The path to peace begins with a single click. Click on terms below to learn more.

• Honesty:
Truthfulness, sincerity and self-knowledge. Communicating and acting authentically with oneself and others.

• Humility:
Freedom from false pride or arrogance. Having an awareness of one's own shortcomings and others’ strengths.

• Gratitude:
Thankful appreciation for what one has received. Showing gratefulness and recognition to others.

• Understanding:
Wisdom, awareness, perspective and intuition; Mindfulness. The ability to comprehend one's own and other's feelings, attitude and points of view;  Empathy.

• Acceptance:
Acknowledgement of the truth regarding a situation or condition; appreciation and validation of one's own and others' human personalities (even traits we may wish to change); letting go of resistance and denial; absolute cooperation with the inevitable.

• Forgiveness:
A letting go or releasing of resentments. The willingness to move beyond past events, perhaps to reconcile and restore.

• Tolerance:
Open-mindedness to ideas, opinions and practices that differ from one's own; the absence of prejudice; a live-and-let-live attitude.

• Patience:
Calm endurance of hardship, pain or delay.
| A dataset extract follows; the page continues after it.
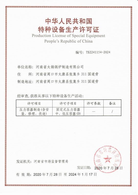 河南省太鍋鍋爐制造有限公司(原河南省太康鍋爐廠始建于1976年)始建于70年代初,經(jīng)40多年的艱辛探索,靠科技興業(yè),走科學管理之路,現(xiàn)已發(fā)展成為承接制造、安裝、設計大、中型供熱系統(tǒng),生產:SZS燃油燃氣蒸汽鍋爐、燃煤蒸汽鍋爐、燃油鍋爐、燃氣鍋爐、電加熱鍋爐、生物質鍋爐、茶水鍋爐、有機熱載體鍋爐、熱風鍋爐,蒸壓釜、燃油蒸汽鍋爐、燃氣蒸汽鍋爐、燃油熱水鍋爐、燃氣熱水鍋爐并承擔安裝120噸熱水鍋爐、蒸汽鍋爐,生物質鍋爐,加工制造一、二類蒸壓釜、壓力容器,化工機械的省一級**企業(yè)。

Demonstrating perseverance, restraint and determination.

• Graciousness:
The attribute of being kind to all. Politeness, cordiality and good-natured disposition.

• Benevolence:
Friendliness, kindness, selflessness and the inclination to be generous. Having a love of humankind accompanied by a desire to encourage the happiness of others.

• Compassion:
A deep empathy that gives rise to an active desire to alleviate another’s suffering.

• Integrity:
Moral consistency of actions, values and principles. Honesty in regard to the motivations of one’s actions.